Euro'yu kurtarmak için son hamle
17 Ağustos 2011Merkel ve Sarkozy, Euro Bölgesi'nin yönetiminde kapsamlı reform istedi.
Liderler, Euro kullanan 17 ülkenin bir tür ortak “ekonomi hükümeti” kurmasını gündeme getirirken, bu ortak hükümete AB Konsey Başkanı Herman Van Rompuy'un başkanlık etmesini önerdi.
27 ülkeden oluşan Avrupa Birliği'nde halen 17 ülke Euro kullanıyor. Rekor borç ve bütçe açığına sahip olan Yunanistan, Portekiz ve İrlanda gibi ülkelerinin durumu, ortak para birimi Euro'nun geleceğini tehlikeye atarken, ekonomi ve para birliği Euro Bölgesi'nin yönetimini de krize sokmuştu.
Merkel ve Sarkozy'nin gündeme getirdiği ekonomi hükümeti, Euro Bölgesi ülkelerinin mali politikalar alanında daha sorumlu ve koordineli adımlar izlemesini amaçlıyor.
Alman-Fransız planı
Liderlerin üzerinde uzlaşma sağladığı bir diğer öneri de, 17 Euro Bölgesi ülkesinin, bütçe açıklarını önleme ve bütçe dengesi konusunda taahhütte bulunması ve bunu 2012 yılı yazına kadar anayasa teminatı altına alması.
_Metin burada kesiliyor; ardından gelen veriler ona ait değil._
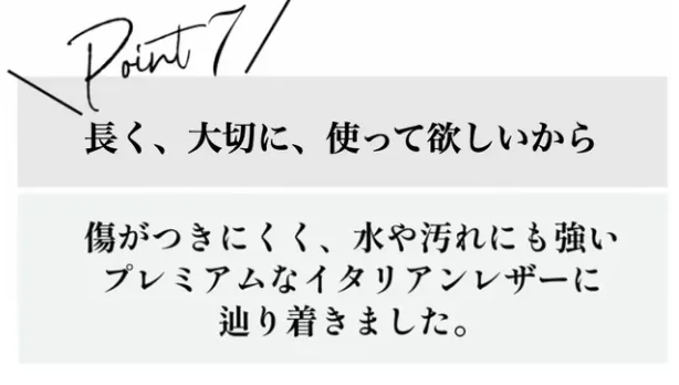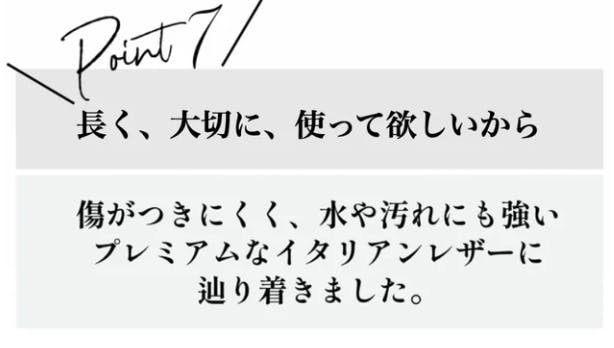 ③長く、大切に使って頂きたい、という想いから、傷や汚れがつきにくく、長く美しさを保てるイタリア製プレミアムレザーをイタリアから直輸入し使用。
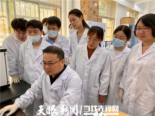 祁小四带领团队学生观察、分析实验数据
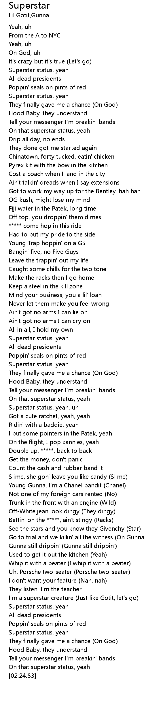 | [02:06.19] | I'm a superstar creature (Just like Gotit, let's go) |
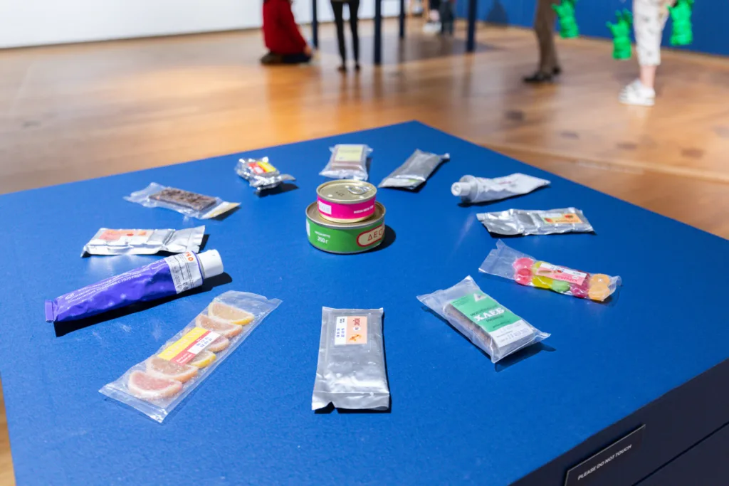Through carefully assembled elements, such as photographs of a spaceship cockpit, the medical examination of an astronaut prior to launch, the tactile immediacy of a glove, and the modest rations designed to sustain life beyond Earth, Scholl constructs a deeply intimate encounter with space exploration. These objects, collected by the artist over several decades, serve as a conduit for shared emotional experience, drawing viewers into a sense of proximity to astronauts and their journeys.
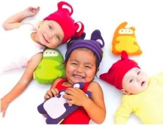 And if you have any idea what I’m talking about you’re evidently familiar with the brand kids label, Muddy Cloud. Designer Joy Limanon Anaya and her husband Matt have created this family of five colorful, Teletubby-esque soft fleece dolls, each of which coordinates with a hat and pair of mittens in the same color and shape.
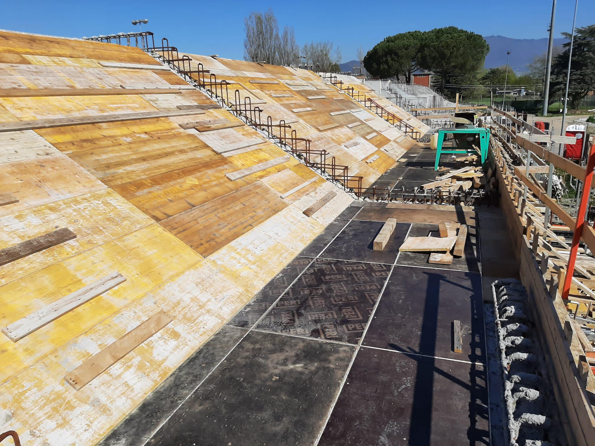 Il secondo lotto di lavori, dell'importo complessivo di circa un milione e trecentomila euro finanziato nell'ambito dei progetti Piu della Regione Toscana, dal Fondo Sport e periferie e dalla Fondazione Cassa di Risparmio di Lucca, oltre alla posa del manto di superficie della pista di atletica, prevede la costruzione di 4 nuove torri faro, della struttura di copertura della tribuna e di un percorso pedonale attrezzato per la ginnastica all'aperto di collegamento tra lo stadio e la piscina, aperto a tutti.

Ortak para birimine duyulan güvenin garanti altına alınmasının büyük önem taşıdığına dikkat çeken Almanya Başbakanı Merkel, Euro'nun Avrupa'nın geleceği ve refahının temeli olduğunu vurguladı. Merkel, şöyle konuştu:
"Almanya ve Fransa olarak ortak para birimimiz Euro'yu güçlendirmek ve gelişmesini sağlamak konusunda kendimizi kesinlikle yükümlü hissediyoruz. Euro Bölgesi içindeki ekonomi ve mali konulardaki uzman politikacıların güçlü olması gerekiyor. Ancak bu şekilde başarıya ulaşmak mümkün olacaktır. Burası kesinlikle açık…"
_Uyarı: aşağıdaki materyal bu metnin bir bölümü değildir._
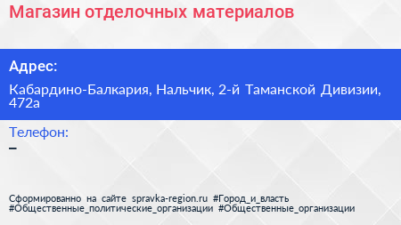 Магазин отделочных материалов по адресу Кабардино-Балкария, Нальчик, 2-й Таманской Дивизии, 472а в дальнейшем Организация, размещена в следующих категориях:
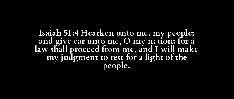 Isaiah 51:4 Hearken unto me, my people; and give ear unto me, O my nation: for a law shall proceed from me, and I will make my judgment to rest for a light of the people.
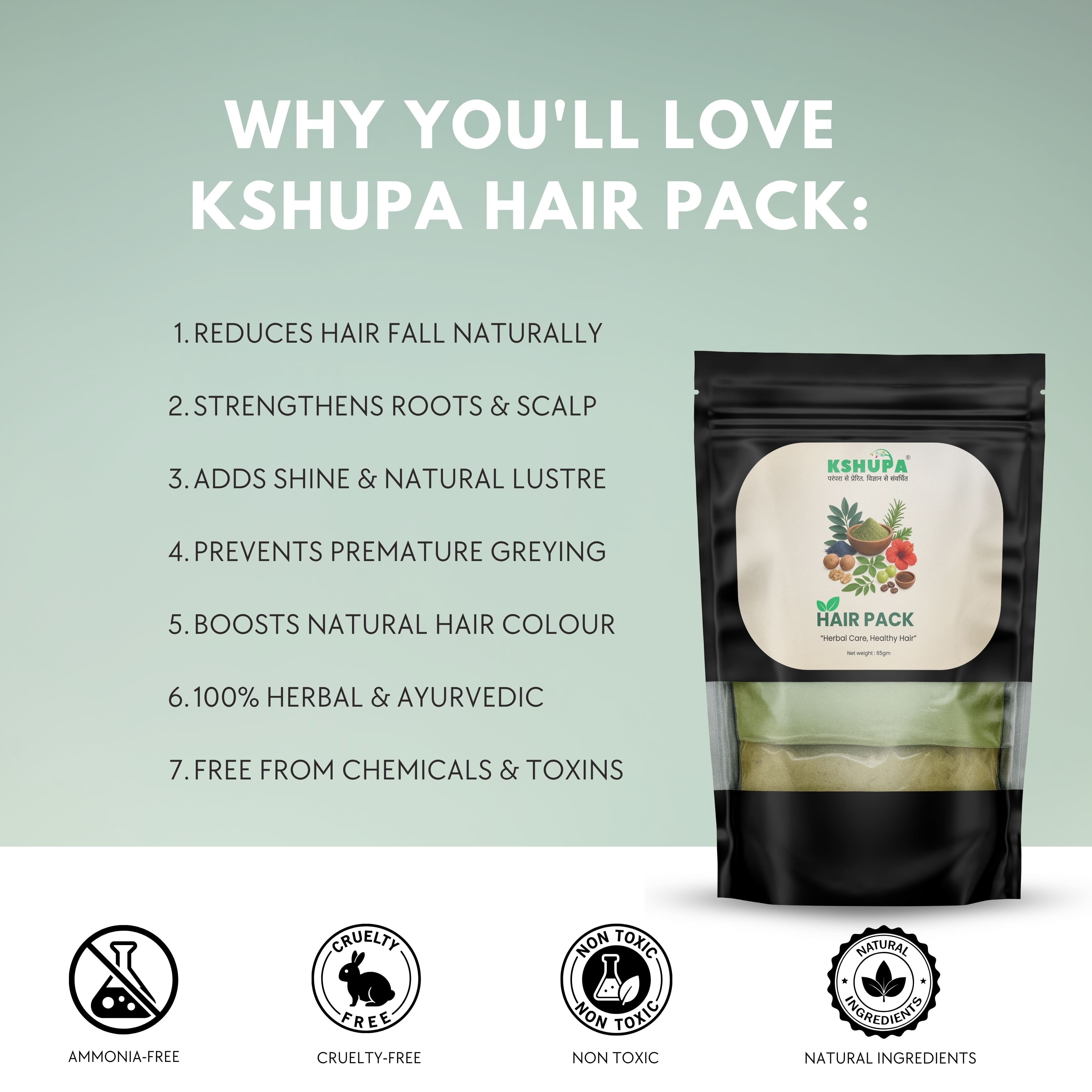Beyond Colour: A Hair Treatment That Strengthens, Revives, and Naturally Colours! Kshupa’s Natural Ayurvedic Hair Pack is a powerful solution for those seeking to revive dull, damaged hair while naturally managing premature greying. This potent, Ammonia-Free, Non-Toxic blend features a host of Ayurvedic superstars: Indigo, Henna, Amla, Bhringraj, and Rosemary. The unique two-step application process ensures deep nourishment, strengthening hair roots, minimizing hair fall, and providing a natural, chemical-free solution to maintain your hair's youthful colour. Restore unparalleled shine, resilience, and softness without exposure to harsh chemicals.

Euro tahvili önerisine ret
Almanya ve Fransa, özellikle ağır borç yükü altındaki AB ülkelerinin talep ettiği “AB tahvili” önerisini geri çevirdi. Almanya Başbakanı Merkel, Paris'teki ortak basın toplantısında, AB tahvilinin “bugün için bir çözüm olmadığını” kaydederken, Sarkozy de böyle bir mali aracın AB'nin büyük ekonomilerini “ciddi tehlike altına sokacağını”, bunun ancak daha ileri bir mali entegrasyon aşamasında gündeme gelebileceğini kaydetti.
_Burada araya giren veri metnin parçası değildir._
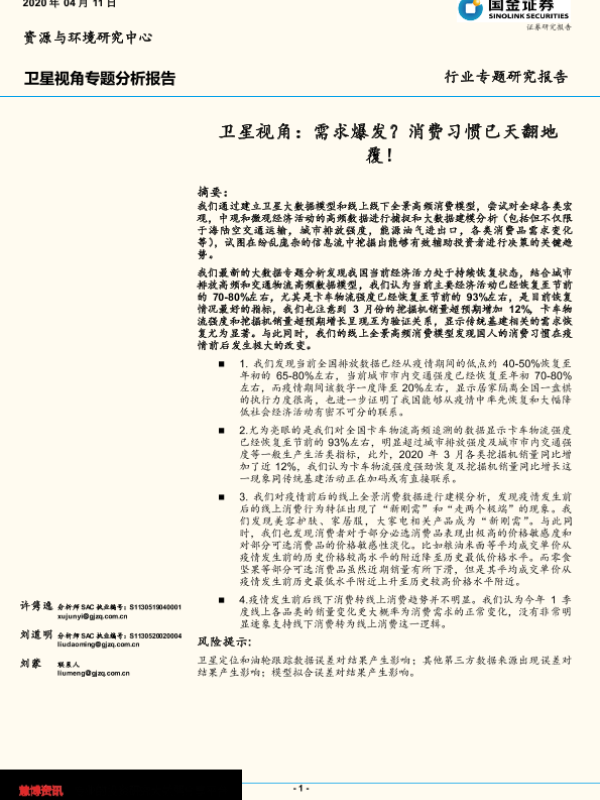【国金证券】【20200411】卫星视角:需求爆发?消费习惯已天翻地覆!-10页 行业研究
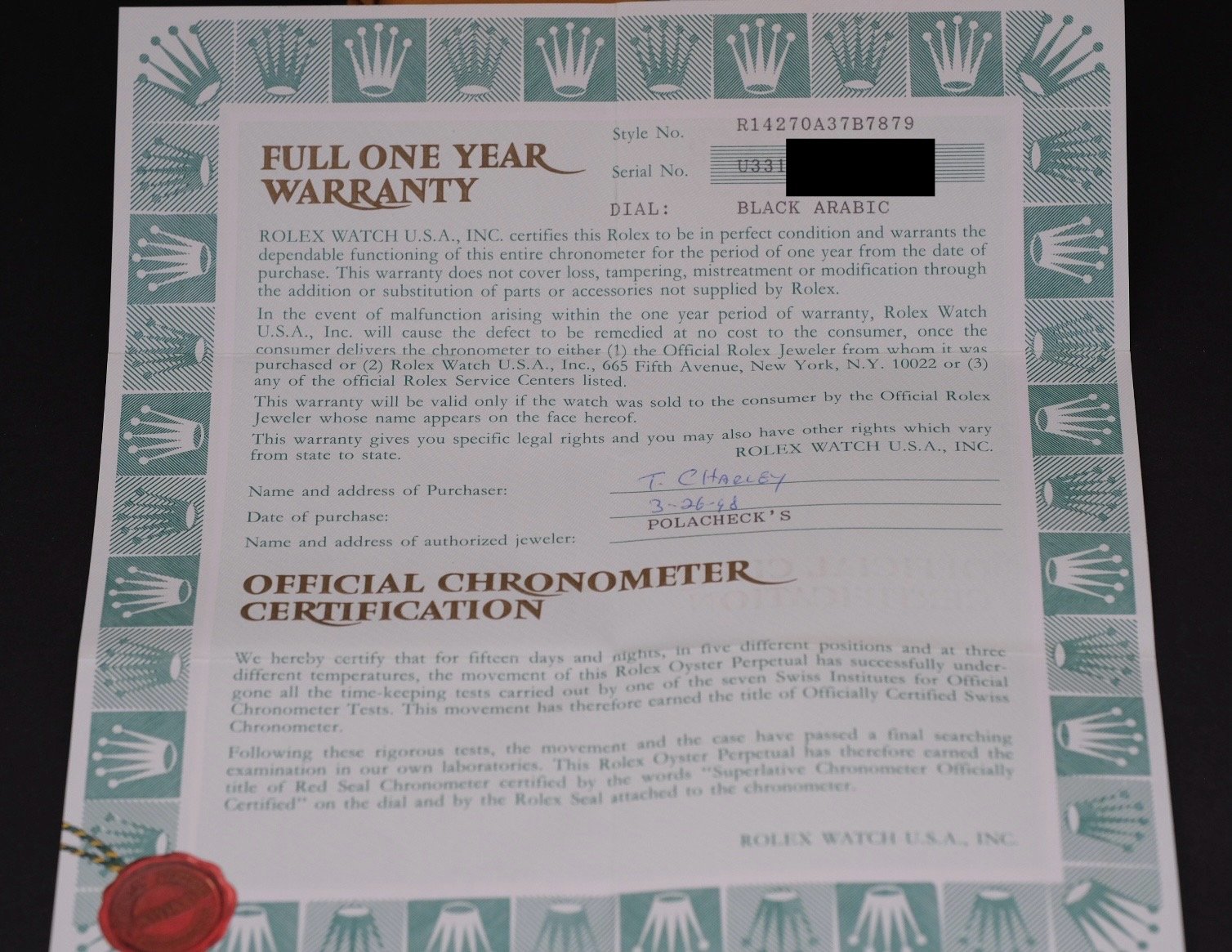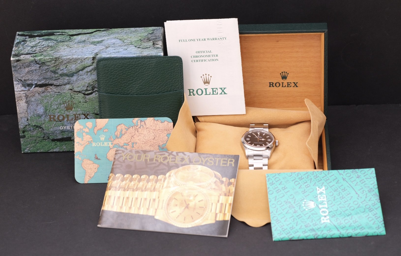 ACCESSORIES: This is definitely how you want to find 'em! Comes with outer Rolex box, inner Rolex box, original Rolex papers, 2 Rolex booklets and dealer calendar card, even the Rolex paperwork holder - pretty awesome to find one this complete!

Euro Tahvili, AB’nin ya da Euro Bölgesi ülkelerinin finans piyasasında ortaklaşa tahvil satın alması fikrine dayanıyor. Amaç, tahvil talebini artırıp faizlerin yükselmesini önlemek ve yatırımcıya alacağını vadesi geldiğinde tahsil etme garantisi vermek. Ancak bu formül fiilen, nispeten büyük ve maliyesi sağlam Almanya ve Fransa gibi ülkelerin iflasın eşiğindeki Yunanistan, İspanya ve Portekiz gibi ortaklarının faiz ve anapara borçlarına kefil olması anlamına geliyor.